Only the pictures are to be dropped, and the rest of the data should be copied exactly.

_GIVEN DATA_
++++++

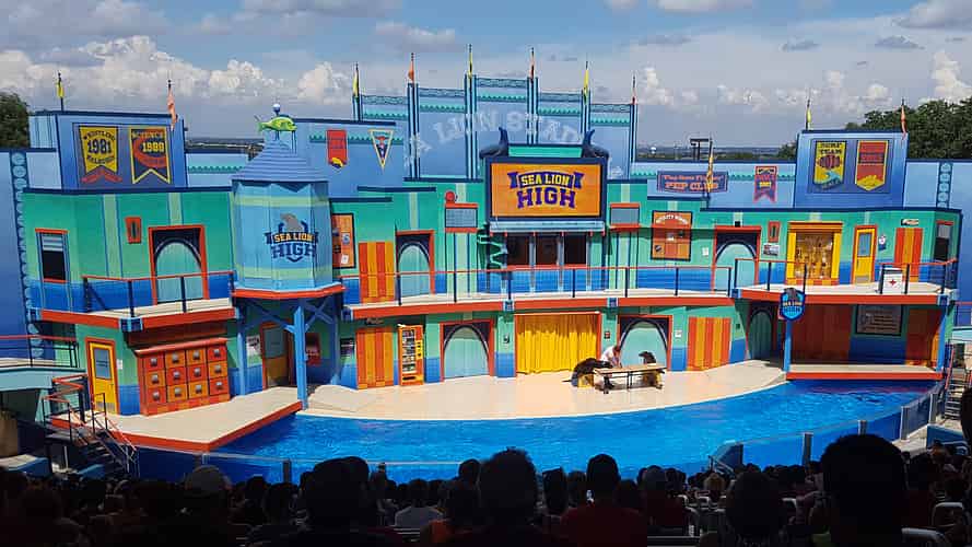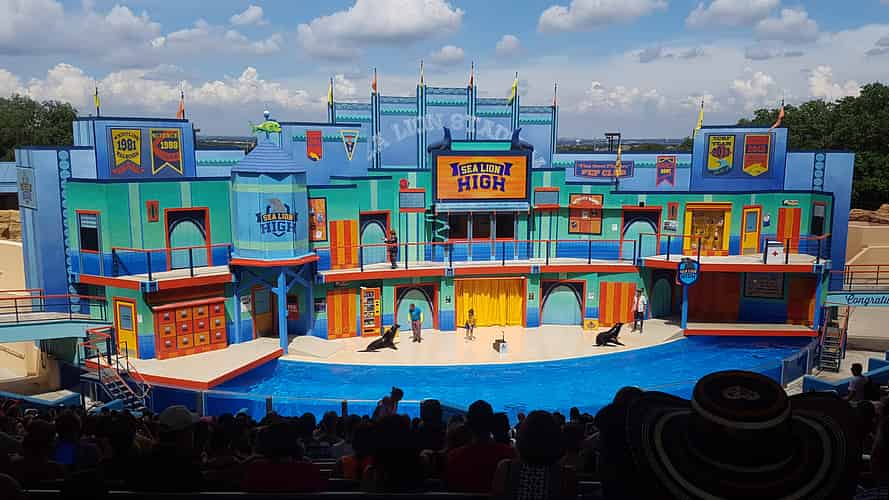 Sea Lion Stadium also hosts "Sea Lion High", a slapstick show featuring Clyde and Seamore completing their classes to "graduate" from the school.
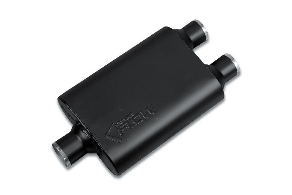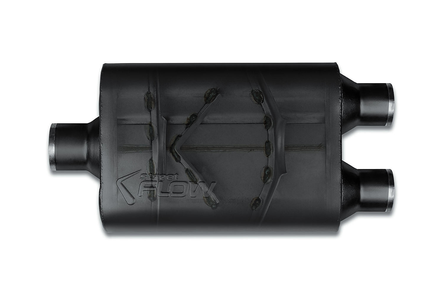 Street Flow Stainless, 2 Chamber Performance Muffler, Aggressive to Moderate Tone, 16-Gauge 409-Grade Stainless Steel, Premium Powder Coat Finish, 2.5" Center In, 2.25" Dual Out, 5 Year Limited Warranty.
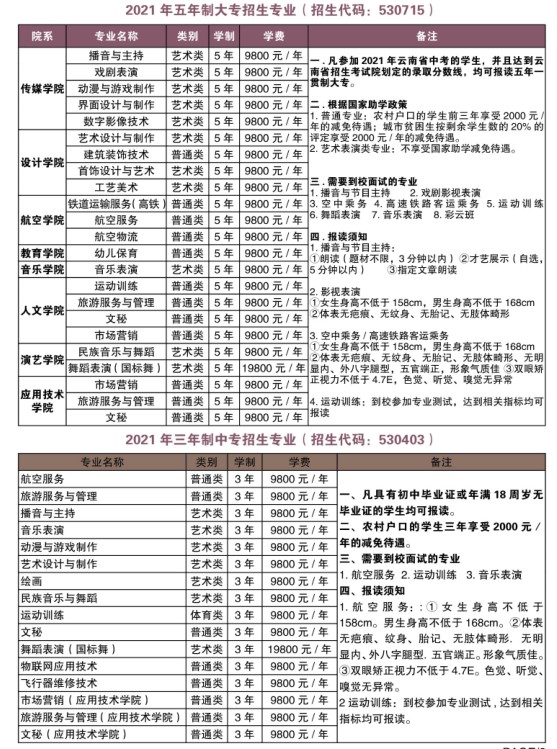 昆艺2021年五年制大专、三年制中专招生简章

++++++

_ANSWER SPACE_
 Sea Lion Stadium also hosts "Sea Lion High", a slapstick show featuring Clyde and Seamore completing their classes to "graduate" from the school.
 Street Flow Stainless, 2 Chamber Performance Muffler, Aggressive to Moderate Tone, 16-Gauge 409-Grade Stainless Steel, Premium Powder Coat Finish, 2.5" Center In, 2.25" Dual Out, 5 Year Limited Warranty.
 昆艺2021年五年制大专、三年制中专招生简章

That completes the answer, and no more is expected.